2.3. ERP signal processing
Python was used for offline data processing. A fourth-order Butterworth filter (0.3–20Hz) and a notch filter (60Hz) were applied to the raw EEG data. EOG artifacts were corrected with adaptive filtering. Established methods, namely, segmentation (−100–900 ms), baseline correction (−100 to 0 ms), and conditional averaging (tones: standard vs deviant; and word pairs: congruent vs incongruent), were used to derive the ERP waveforms. Signal-to-noise (SNR) optimizations were carried out using a 30 μV peak-to-peak threshold to eliminate participant epochs compromised by noise, where three participants had all epochs dropped.
2.4. Statistical analysis
Significant brain vital sign differences as a function of MMSE score and age were analyzed across the N100, P300, and N400 using time intervals for each response. Each time interval was divided into three equal windows.
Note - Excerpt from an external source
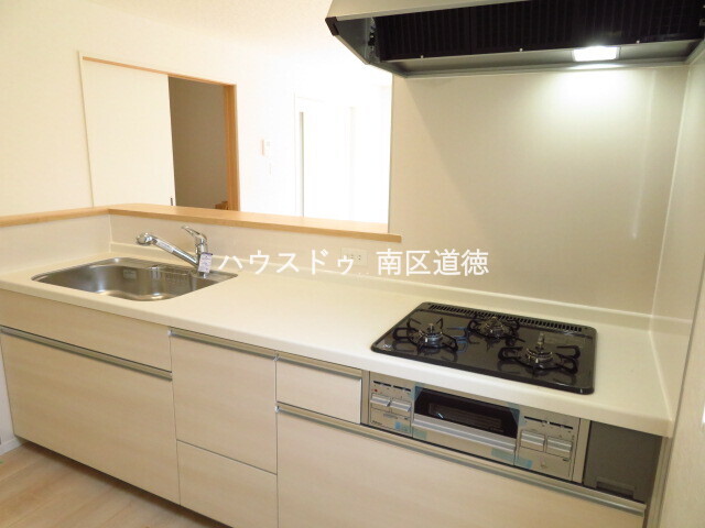 機能的なワークスペースを実現した対面式キッチン。料理をしながらリビングがしっかり見渡せます。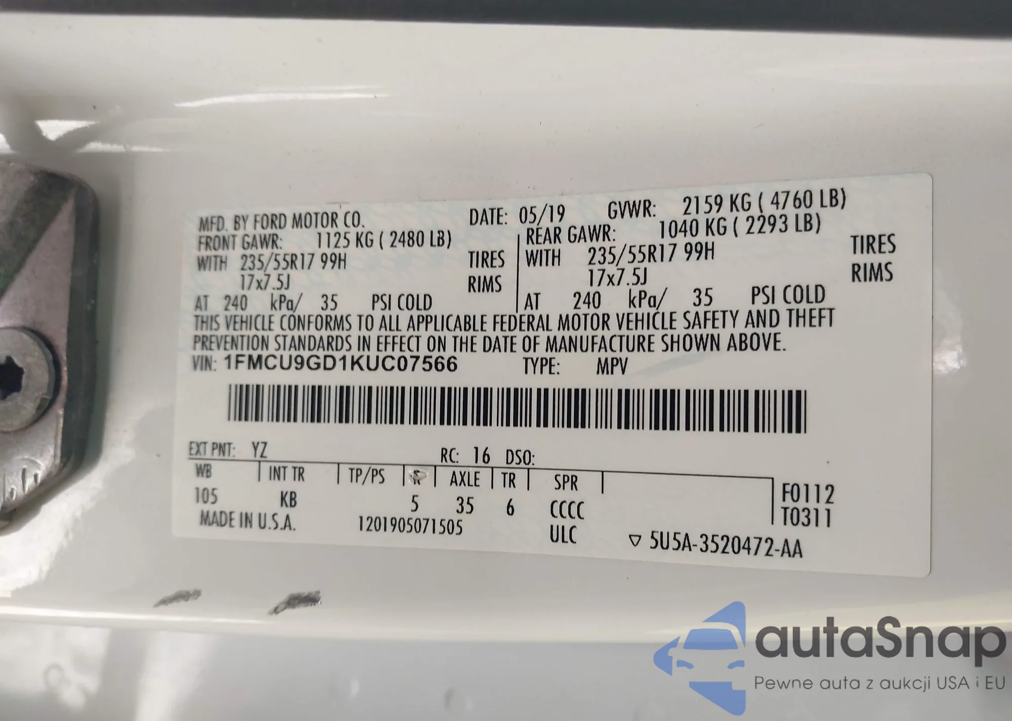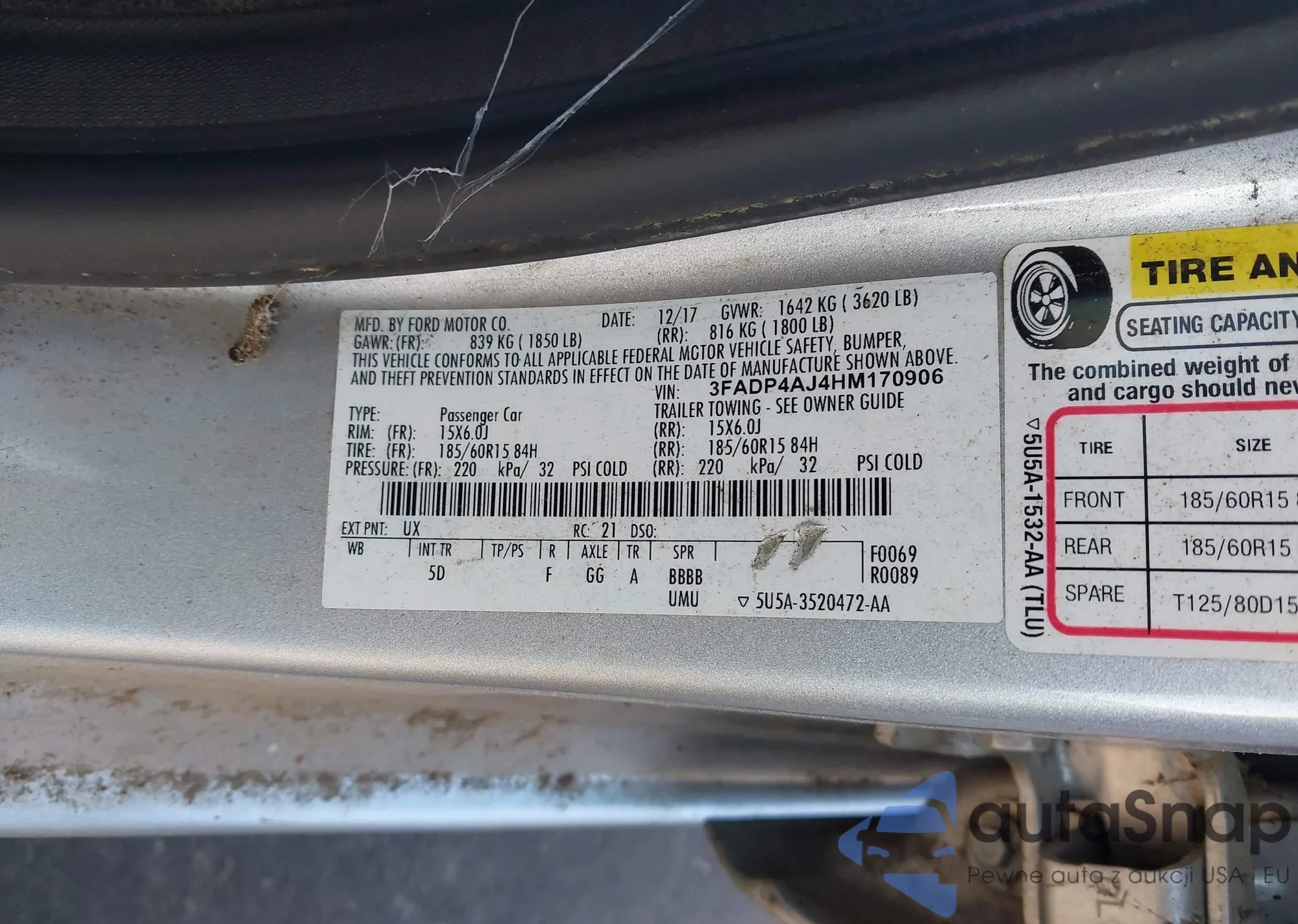 • VIN 3FADP4AJ4HM170906

The N100 (180–255 ms [window 1: 180–205 ms, window 2: 205–230 ms, window 3: 230–255 ms]), P300 (400–550 ms [window 1: 400–450 ms, window 2: 450–500 ms, window 3: 500–550 ms]), and N400 (500–800 ms [window 1: 500–600 ms, window 2: 600–700 ms, window 3: 700–800 ms]) response windows were then identified using the grand average ERP waveforms.
Peak amplitudes and latencies for each MMSE group were extracted from the grand average ERP waveforms, as shown in Fig. 1 and Table 2. For the N100, amplitude measures were taken at the Fz electrode site, targeting the highest negative peaks within the 180–255 ms range. The P300 amplitude for each group was identified at the Cz electrode site, representing the highest positive peak within the 400–550 ms range. Finally, the N400 amplitude measures were taken at the Pz electrode site, targeting the highest negative peak within the 500–800 ms window. The corresponding latencies to these peak amplitudes were retrieved. These site selections are based on the typical maximal response locations for each component [10,25]. The individual participant amplitude values from these ranges and electrode sites were then used in the partial least square correlation (PLS) analysis to examine the relationship between brain vital signs and cognitive function.
Table 2.
Groups | Measures | N100 | P300 | N400 |
---|---|---|---|---|
Low MMSE (0–12) | Amplitude | −5.12 | 1.40 | 0.10 |
Latency (ms) | 223.94 | 485.50 | 729.00 | |
Medium MMSE (13–24) | Amplitude | −3.33 | 3.1 | −0.9 |
Latency (ms) | 221.93 | 417.10 | 598.00 | |
High MMSE (25–30) | Amplitude | −3.78 | 3.30 | −1.5 |
Latency (ms) | 213.90 | 477.50 | 598.00 |
Statistical analysis was performed using the PLS [26]. PLS for neuroimaging was written and carried out in MATLAB (MATLAB Version: 9.7.0 (R2019b)) [27]. This toolbox provided the PLS methods to analyze data from multiple responses collected on the same observation. PLS is a statistical technique used to identify relationships between multiple sets of variables and is based on maximizing the covariance between two sets of variables while minimizing the variance of one of the sets. PLS can be divided into two types: contrast-task-based PLS and behavioural PLS [26]. In the current study, behavioural PLS was used to identify significant ERP changes as a function of MMSE score and age. Both contrast task and behavioural PLS can handle high-dimensional data and are robust to noise, outliers and multicollinearity. To address the multiple comparisons issue, which could lead to false positives, the Holm-Sidak correction technique was applied to ensure robust identification of relationships and rigorous control of statistical errors [26,[28], [29], [30]].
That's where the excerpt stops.